Christmas campaign to defy oppression and persecution

Christians in Saudi Arabia, Iran, Syria and other countries where the faith is persecuted are sharing photos of their Christmas trees to defy oppression.

They are being posted on social media by the My Treedom campaign, which aims to “celebrate freedom from persecution and the right to Christmas everywhere around the world”.

One image posted to its Facebook page claims to show a tree in Saudi Arabia, where conversion to Christianity from Islam is legally punishable by death, although no executions have been carried out for the offence in recent years.

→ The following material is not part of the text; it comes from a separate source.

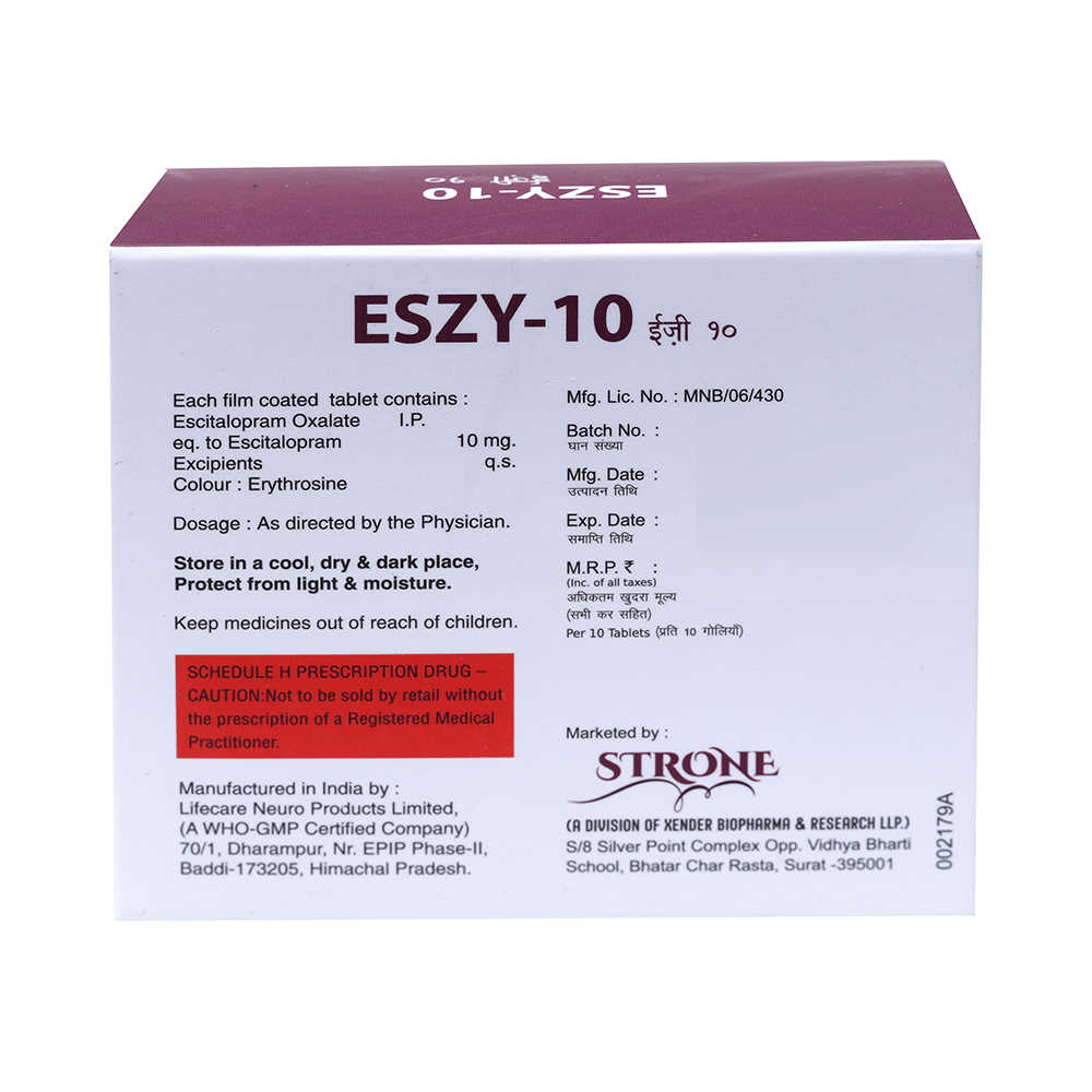 Eszy 10 Tablet is widely prescribed to treat depression and other mental health conditions like anxiety, panic disorder, and obsessive-compulsive disorder. It is a type of antidepressant known as a selective serotonin reuptake inhibitor (SSRI). Eszy 10 Tablet helps recover from depression by improving mood and relieving anxiety and tension. It can be taken with or without food. The dose and how often you need it will be decided by your doctor based on the amount needed to control your symptoms. Your doctor may start you on a lower dose and increase it gradually. Do not change the dose or stop taking it without talking to your doctor, even if you feel well. Doing so may make your condition worse or you may suffer from unpleasant withdrawal symptoms such as anxiety, restlessness, palpitations, dizziness, sleep disturbances.To get the most benefit, take this medicine regularly at the same time each day. Your doctor may advise you to take it in the morning if you have trouble sleeping. It may take a few weeks before you start feeling better. Let your doctor know if you do not see any improvement even after 4 weeks.Some common side effects of this medicine include nausea, fatigue, increased sweating, insomnia (difficulty in sleeping), decreased sexual drive, delayed ejaculation, and women may experience difficulties achieving orgasm. Some people may experience sleepiness after taking this medicine. Let your doctor know straight away if you develop any sudden worsening of mood or any thoughts about harming yourself.Before taking Eszy 10 Tablet, you should tell your doctor if you have epilepsy (seizure disorder or fits), diabetes, liver or kidney disease, any heart problems, or are currently taking medicines for depression known as MAO inhibitors. These may affect your treatment. Please tell your doctor about all the medicines you are taking to make sure you are safe.

Another shows a shopping centre decked out with festive decorations in Irbil, Iraqi Kurdistan, where thousands of Christians have been among the refugees fleeing the onslaught of Isis.

Christmas tree photos have also been sent in from Iran, Syria, Pakistan and Brunei, where public festivities and decorations were outlawed last December by the increasingly hardline government.

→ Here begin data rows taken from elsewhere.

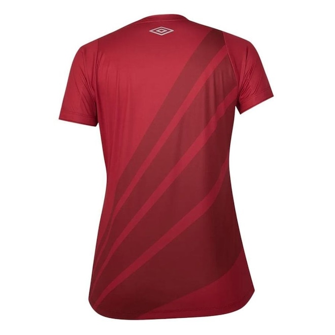 O Athletico Paranaense celebra 100 anos de glórias, e para marcar essa data especial, a Camisa Feminina Umbro Oficial 1 2024 Torcedora foi criada com uma combinação única de tradição e modernidade. Com design vermelho predominante e listras diagonais pretas representando os quatro ventos, este manto exibe todo o orgulho do Furacão. A modelagem fit garante um caimento elegante, enquanto a confecção em poliéster e elastano proporciona conforto e mobilidade. A gola V adiciona um toque de estilo ao uniforme das torcedoras apaixonadas.
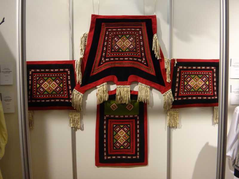 The Republic of Sahka (Yakutia) represents 1/5 of Russia. Most of Yakutia is located in the permafrost. Because of this, Yakut people worship horses and consider them sacred. This is why horse trappings are made by the best craftsmen. Yakut patchwork is handmade using a unique technique “kybytyy´(katirovanie). The ancient craftsmen combined different colors and textures in the making of national costumes. Nowadays, many modern craftsmen continue this tradition. They use a variety of texture and color: fur, cloth, jacquard, rovduga (moose or deer hides), beads, metal and others.
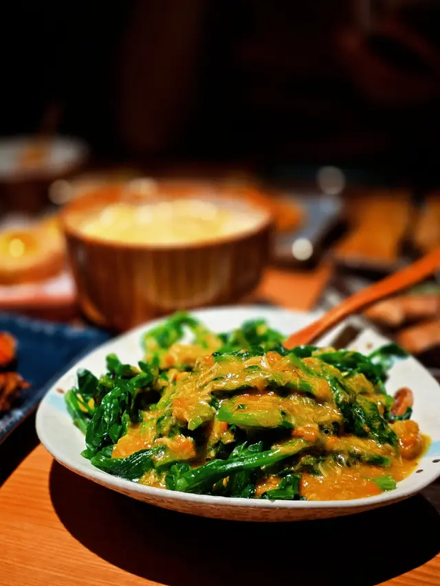 蟹粉豆苗清新爽口,加入大量蟹粉更顯奢華;
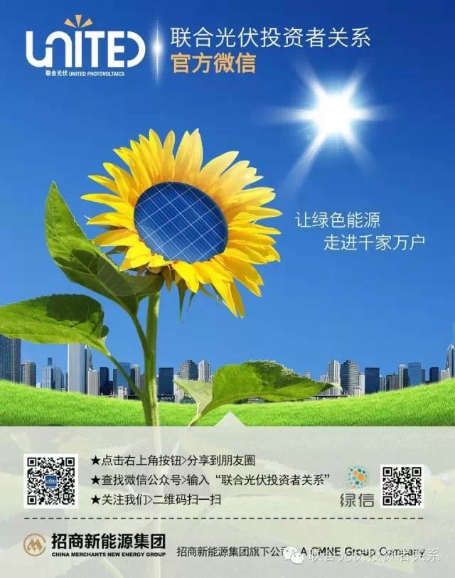 此次收购为本集团宣布收购海润光伏930兆瓦光伏电站项目之后的又一大收购举措。截至2015年7月30日,本集团拥有或正履行交收手续的光伏电站共计45个,遍布新疆、内蒙、青海、湖北、江苏、福建和广东等地,总装机容量将达到1.952吉瓦。 尽管当前中国经济依然面临下行压力,但是随着人们对环保问题的日益重视,以光伏为代表的清洁能源行业逆势上涨。据国家能源局数据,今年上半年,全国新增光伏发电装机容量773万千瓦,其中新增光伏电站装机容量669万千瓦。 联合光伏专注于快速增长的中国太阳能发电站市场,以投资优质发电站资产获得未来绿色能源的升值空间,并通过终端优势拉动包括原材料供应商、设备制造、系统集成、电力运营、信息服务等在内的节能减排产业链的迅速发展。

“The response has been truly heartwarming and overwhelming,” she told the Independent.

“I received photos from Iran, Iraq, Kurdistan, Pakistan, Brunei, Bahrain, Somalia, Sudan and even from a woman in Saudi Arabia who told me about how she smuggled her Christmas tree into the country by hiding it in a suitcase.

“This is how Christians are standing up to oppression, and this is the beauty of human nature demonstrating the people’s determination to live life despite the harsh realities that is so often lost in mainstream reporting.”

Ms Daftari said she aimed to raise awareness of Christian persecution around the world as well as sharing some “happier stories”.

Aid to the Church in Need (ACN), a UK-based Catholic campaign group, warned that Christianity “could disappear completely” in parts of the Middle East within a decade in a report earlier this year.

It chronicled a dramatic decline in the faith over the last two years largely due to what it called the “religiously motivated ethnic cleansing” in Iraq, Syria, Nigeria and other countries hit by Islamist insurgencies.

Editor John Pontifex said: “Far from laying the entire blame for persecution against Christians at the door of extremist Islam, many of the problems stem from non-Muslim extremist – nationalist – faith groups and historically communist totalitarian regimes.”